This calculation is a bit more complicated, because it involves both the hot and cold water pipes in the two-storey house sketched above. The approach is exactly the same: find the equivalent lengths
, convert them to the same size pipe, add them up, find the pressure drop per metre, look up the corresponding flow rate.
Cold feed only: Think about the cold water first. The 22mm pipe from the tap is 3.5m long and includes two tees. It has an apparent length of:
[22mm actual] = 3.5m + (1.1m + 1.0m) = 5.6m.
Similarly, the apparent length of the 28mm pipe is:
[28mm actual] = 6.0m + (2 x 0.9m) = 7.8m.
Since there is no 15mm pipe involved in the runs to the bath, it seems silly to convert these lengths to their equivalent 15mm lengths, then add them together, then convert them back again to 22mm.
Instead, I'll simply convert the 28mm length to its equivalent 22mm value, using the figures in Table 6:
[28mm actual --> 22mm equivalent] = 7.8m x (0.035 / 0.13) = 2.1m.
Then the total equivalent length of 22mm is:
5.6m + 2.1m = 7.7m.
The head is 3m, which corresponds to a pressure of:
3 [m.of water] x 1,000 [kg/m^3] x 9.8 [m/sec^2] = 29,400 N/sq.m
So the average rate of pressure drop is:
29,400 / 7.7 = 3,800 N/sq.m per metre
which according to the log-log graph means a (rather noisy) flow rate of close to 0.9 litres/second for a cold bath, rather than the 0.5 litres/second one might have hoped for. Still, things will
change when the hot tap is running too.
Hot feed only: Now for the hot water. The hot pipe is all 22mm, which makes it slightly easier. The pipe run to the top of the cylinder is (let's say) 6m long, and includes two tees and three elbows.

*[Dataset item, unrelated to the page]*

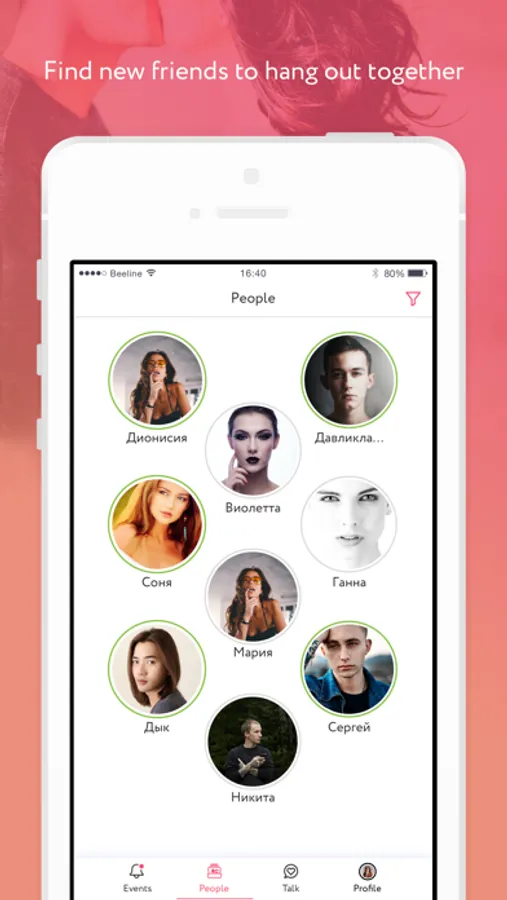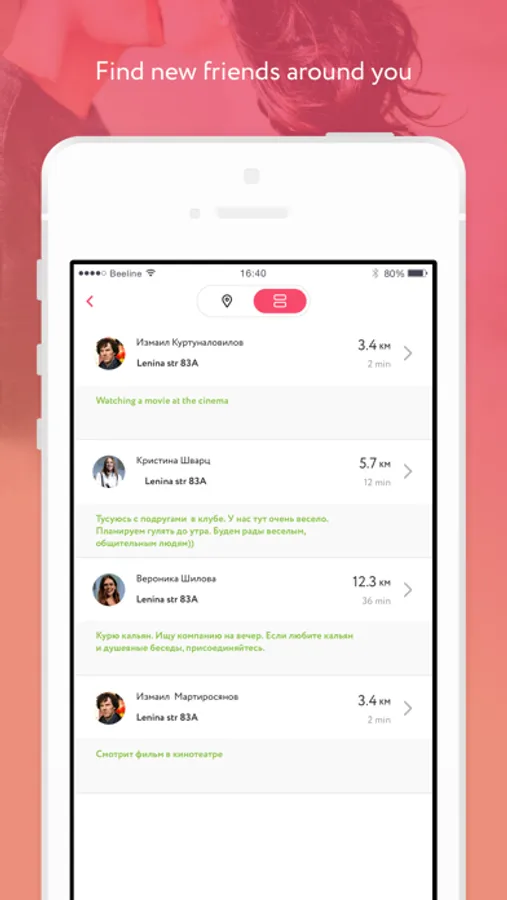 Meet new people at any convenient time. No more bulky screens with a lot of notifications: the simple and intuitive interface makes communication and searching for people much more pleasant and convenient.

[Hot: 22mm actual] = 6m + (1.1m + 1.0m + [3 x 0.6m]) = 9.9m.
However, the hot water leaving the cylinder is replaced by cold water flowing from the header tank. The cylinder itself is only a kind of fitting, and it too has resistance, just like an elbow. The
resistance of the whole circuit must be calculated.
The 22mm run is only 1m or so, plus a tee and an elbow. The cylinder's resistance is equivalent to about 1.6m of 22mm pipe. Adding these up gives:
[Cold: 22mm actual] = 1m + (1.0m + 0.6m + 1.6m) = 4.2m.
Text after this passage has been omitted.